### HOW TO COMPLETE THIS TASK
Exact transcription begins at the first line of the material below and ends with the line holding "大气稳定度等级按帕斯奎尔(Pasquill)稳定度分级法,可分为()级 A. 三"; pictures are skipped.

### THE DATA
▬▬▬

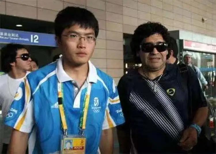 这一次,马拉多纳不再像上一次那么傲慢。在浦东机场,他友好地和志愿者合影。
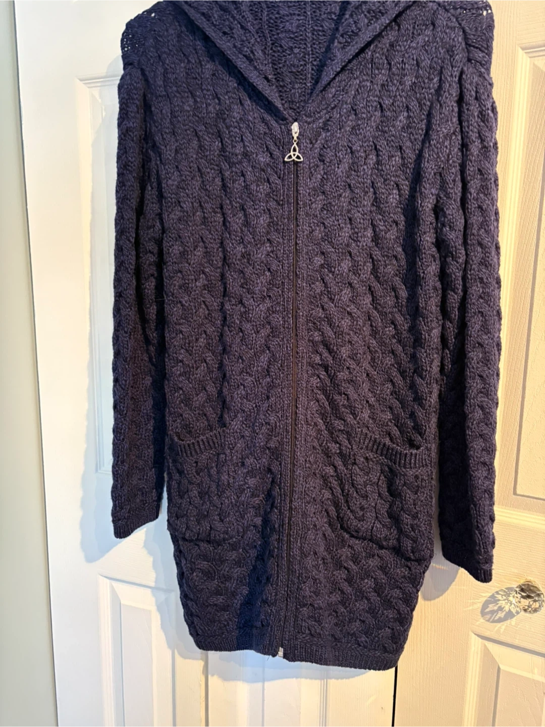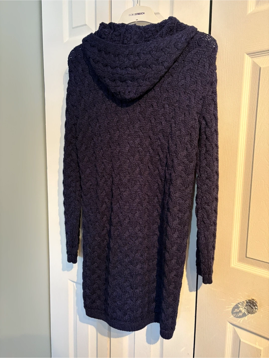 Here's a cozy hooded knit cardigan. It's a beautiful navy colour and in great condition. Perfect for layering or wearing on its own!
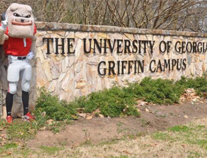 Mascot "Hairy Dawg" standing beside a stone wall that read "The University of Georgia Griffin Campus"
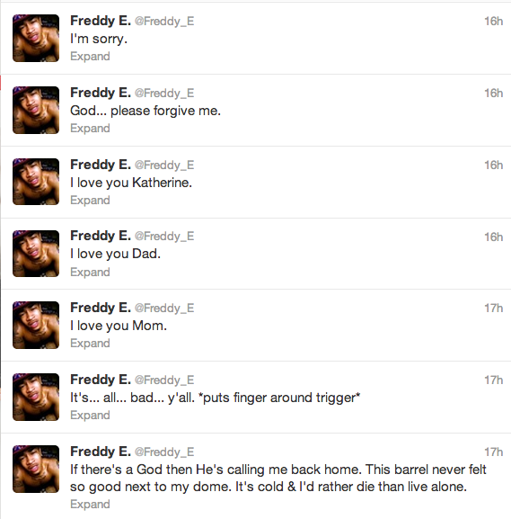 Very tragic news for an up and coming artist named, Freddy E (real name Frederick Eugene Buhl). According to reports and his twitter account, early Sunday morning, he committed suicide. At some point, Freddy E and Honey Cocaine (who are both signed to Tyga’s record label) had a romantic relationship that ended. There have been conflicting reports, most noting that the Los Angeles native took his life because of his failed relationship with Honey Cocaine. Before committing suicide, he wrote:
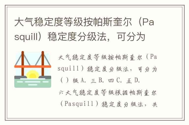 大气稳定度等级按帕斯奎尔(Pasquill)稳定度分级法,可分为()级 A. 三 B. 四 C. 五 D. 六
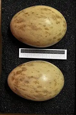 One to three olive or tan coloured, glossy eggs (two eggs being the average) are laid by the female in May or June. The nests, which are shallow scrapes made by the female on dry, soft slopes and plains, are usually situated close to the prior lek location. Nests are situated in sparse clusters, with a study in Inner Mongolia finding nests at a minimal 9 m (30 ft) apart from each other. In the same study, nests were placed at mid-elevation on a hill, at about 190 to 230 m (620 to 750 ft). Nesting sites are typically in dense grassy vegetation about 15 to 35 cm (5.9 to 13.8 in), likely for protection against predation, with extensive exposure to sunlight.[42] Eggs weigh about 150 g (5.3 oz) and are on average 79.4 mm (3.13 in) tall by 56.8 mm (2.24 in) wide. The female incubates the eggs alone for 21 to 28 days. The chicks almost immediately leave the nest after they hatch, although they do not move very far from their mother until they are at least 1 year old. Young great bustards begin developing their adult plumage at about 2 months, and begin to develop flying skills at the same time. They practice by stretching, running, flapping, and making small hops and jumps to get airborne. By three months they are able to fly reasonable distances. If threatened, the young stand still, using their downy plumage, mainly sepia in colour with paler buffy streaks, as camouflage. Juveniles are independent by their first winter, but normally stay with their mother until the next breeding season. Males usually start to mate from 5 to 6 years of age, although may engage in breeding display behaviour at a younger age. Females usually first breed at 2 to 3 years old.[3][41]
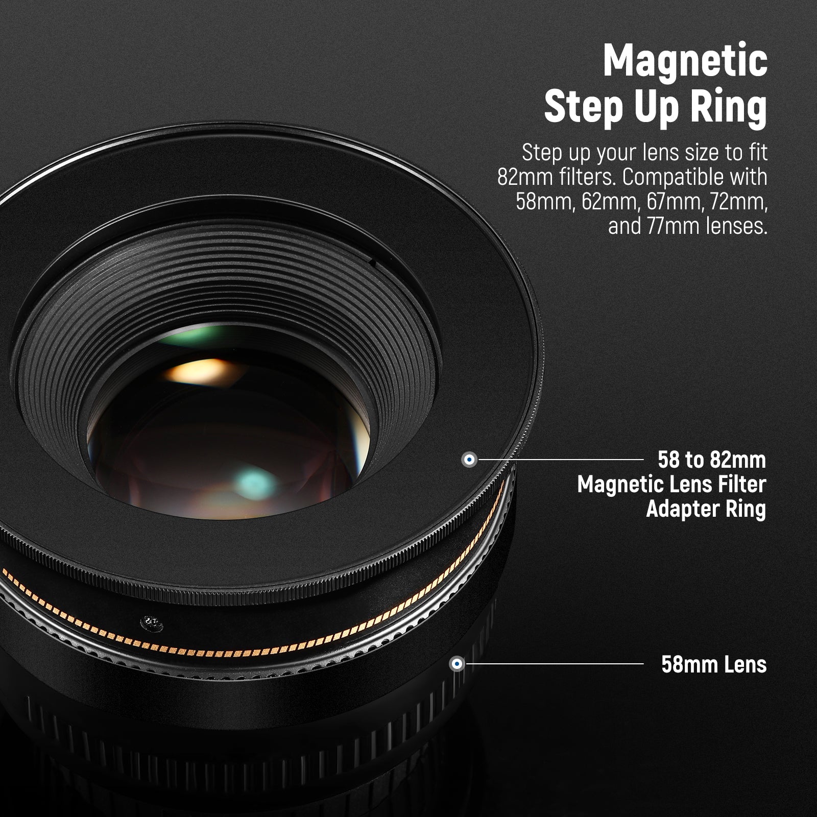 - 【Magnetischer Step Up Ring】 Verwandeln Sie ein 58mm/62mm/67mm/72mm/77mm Objektiv in ein 82mm Objektiv. Die 58 bis 82mm, 62 bis 82mm, 67 bis 82mm, 72 bis 82mm und 77 bis 82mm Aufsteckringe ermöglichen es Ihnen, einen Magnetfilter mit größerem Gewinde (82mm) an einer Kamera mit kleinerem Gewinde (58, 62, 67, 72 oder 77mm) zu verwenden
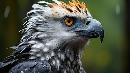 A closeup shot of a harpy eagle on blurred background

▬▬▬

### ANSWER AREA
 这一次,马拉多纳不再像上一次那么傲慢。在浦东机场,他友好地和志愿者合影。
 Here's a cozy hooded knit cardigan. It's a beautiful navy colour and in great condition. Perfect for layering or wearing on its own!
 Mascot "Hairy Dawg" standing beside a stone wall that read "The University of Georgia Griffin Campus"
 Very tragic news for an up and coming artist named, Freddy E (real name Frederick Eugene Buhl). According to reports and his twitter account, early Sunday morning, he committed suicide. At some point, Freddy E and Honey Cocaine (who are both signed to Tyga’s record label) had a romantic relationship that ended. There have been conflicting reports, most noting that the Los Angeles native took his life because of his failed relationship with Honey Cocaine. Before committing suicide, he wrote:
 大气稳定度等级按帕斯奎尔(Pasquill)稳定度分级法,可分为()级 A. 三 B. 四 C. 五 D. 六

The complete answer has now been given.